Some time later, John suddenly awakens, and to his surprise, has the strength to push himself out of the hole. He calls for Aaron and Susie and finds the pulley ropes. He notices that the injuries he sustained have disappeared. As he finds his way back to the entrance, he finds it deserted and realizes that he has died and is now a spirit in the afterlife. Saddened, John goes back to the cave.

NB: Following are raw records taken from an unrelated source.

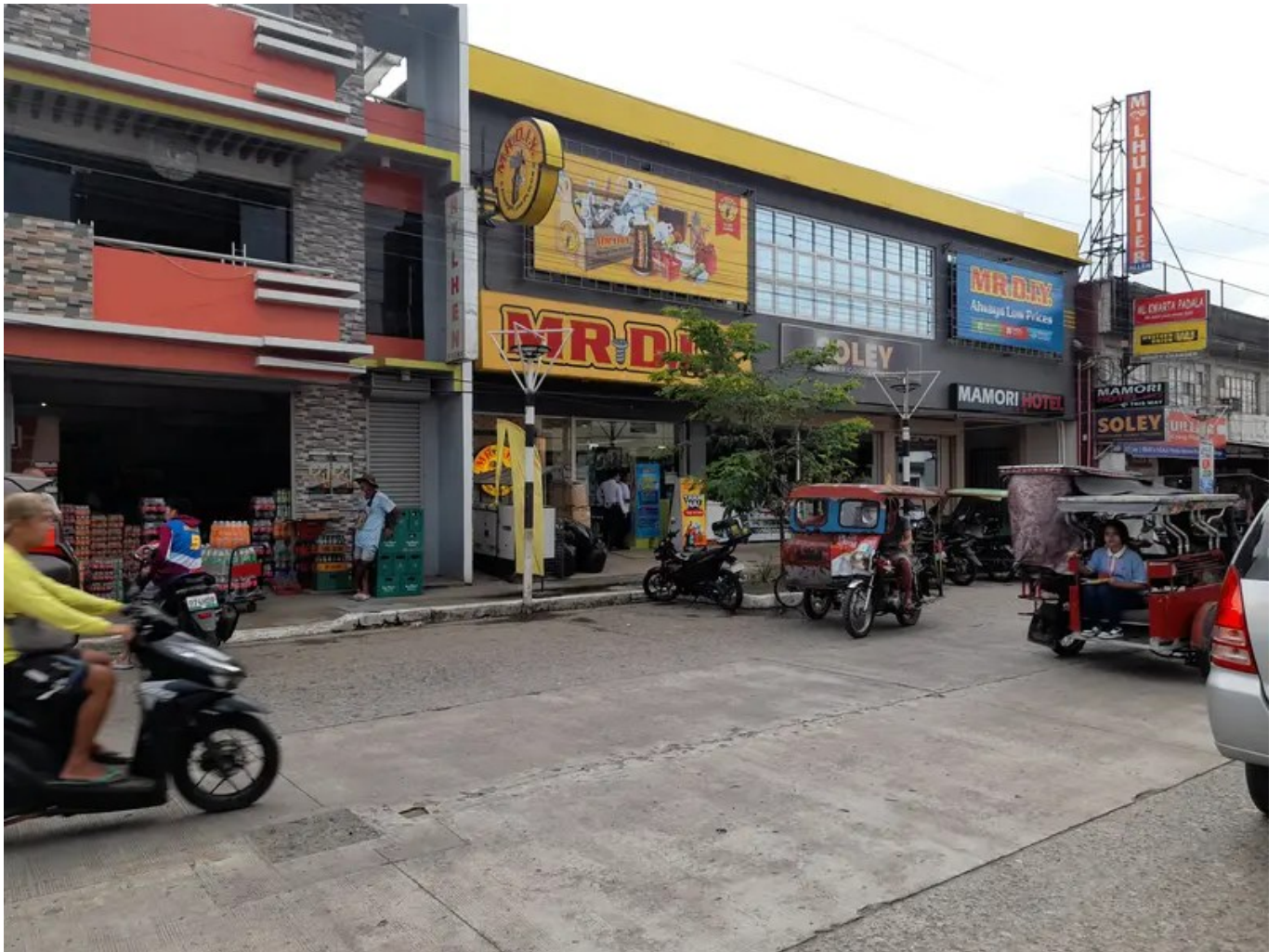
The main shopping street in downtown Allen.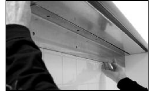
Photo 2b - Angle Bracket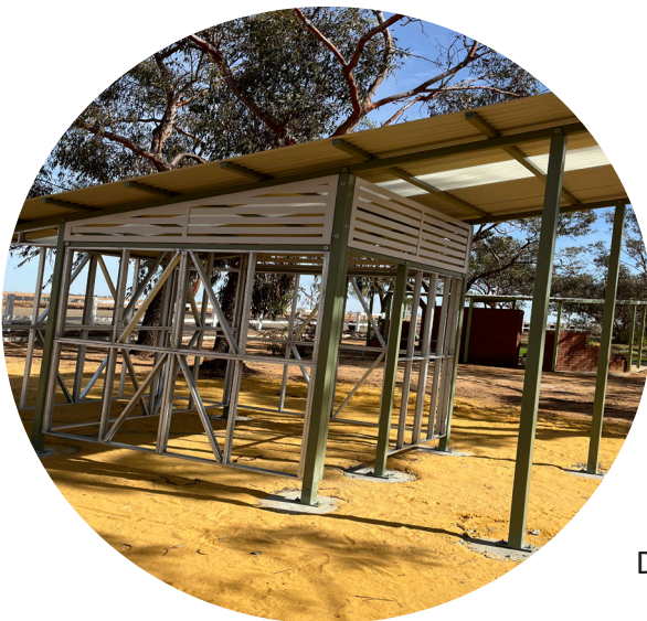
New Ablutions Dalwallinu Cemetery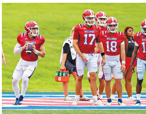
LA. TECH QUARTERBACKS.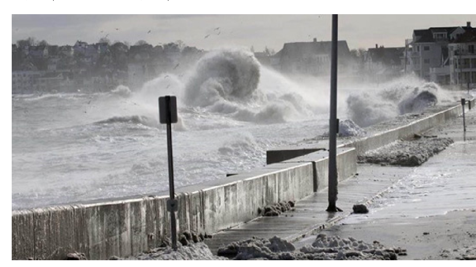
Sea level rise and more intense storms threaten both public safety and beach access in all our beachfront communities.

Sea level rise and climate impacts associated with global warming threaten both public safety and beach access in Lynn and Nahant, Revere, Winthrop, East Boston, South Boston, Dorchester, Quincy and Hull.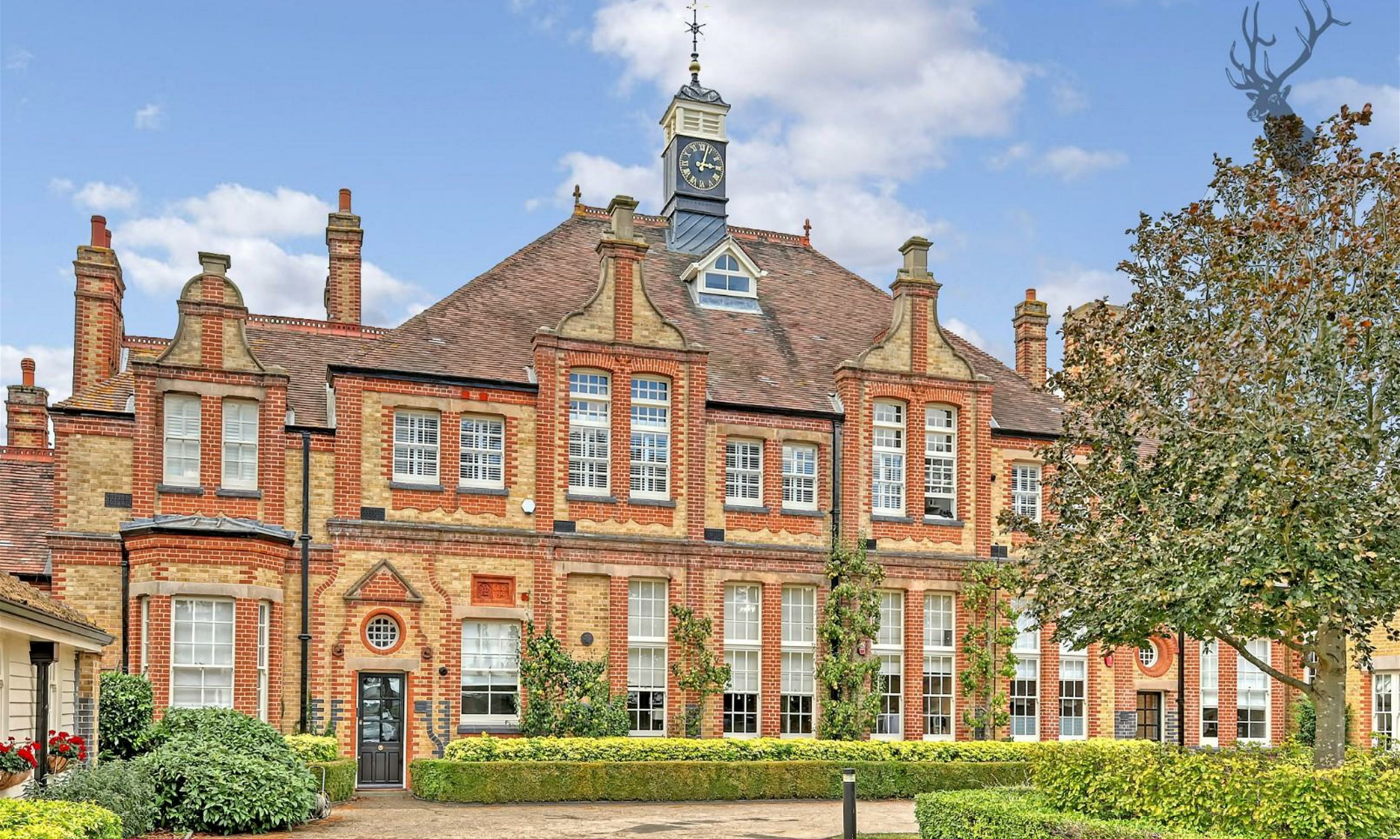
Elmbridge Hall, , CM5

In the cave, John encounters another spirit in the form of an infant. As he talks to the baby, he realizes the baby is his soon to be born son. He then reflects on the hallucinations and visions of the boy and the man in grey with Emily and Lizzie. He realizes that the man was always his son, and tearfully tells the infant to watch over his mother and sister. As he takes the baby from his cradle and exits the cave, the baby is born at a hospital and is placed in Emily's arms, who happily announces that she has named him after John. Epilogue captions state that the cave's entrance has since been sealed, with John's body still inside, and provides a thank you to the rescuers, from the family. It also mentions that Emily remarried less than three years after the ordeal.

==Cast==
- Chadwick Hopson as John Jones, a medical student who gets stuck in an 18-inch wide hole in Nutty Putty Cave.
  - Ashton Collins as Young John
  - Brighton Grow as Teen John
  - Beau Smith as Baby John
- Alexis "Lexy" Johnson as Emily Jones, John's wife.
- Landon Henneman as Aaron, a veteran rescue worker who is distraught over past rescues that have ended tragically. He is a composite character of the many workers who conversed with John during the attempted rescue.
- Jyllian Petrie as Susie, one of the rescue workers, also a composite character.
- Jacob Omer as Josh Jones, John's brother.
  - Canyon Canary as Young Josh
  - Dalek Atkinson as Teen Josh
- Mason D. Davis as Man in Dark, a hallucination John has seen over the course of his life. The man is later revealed to be the spirit of his unborn son.
- Paul Tan as Dr. Doug Murdock, a medical expert who provides information warning the rescuers of John's condition in the cave.
- Mark Webb as Sheriff Hodgson, the leader in the rescuing effort.
- Madison Coleman as Lizzie, John's young daughter.
  - Mathias Flake as Younger Lizzie

==Production==
Filming took place entirely in Utah, with exterior shots of the cave at the actual entrance, and the interior holes and twists recreated in a warehouse in West Valley.

==Release==
The film had a limited release in Arizona, Utah, and Idaho on September 16, 2016.

==Reception==
The film had a limited release but received generally positive reviews, with praise for its direction, acting, and cinematography, with some criticism for its tone and pacing.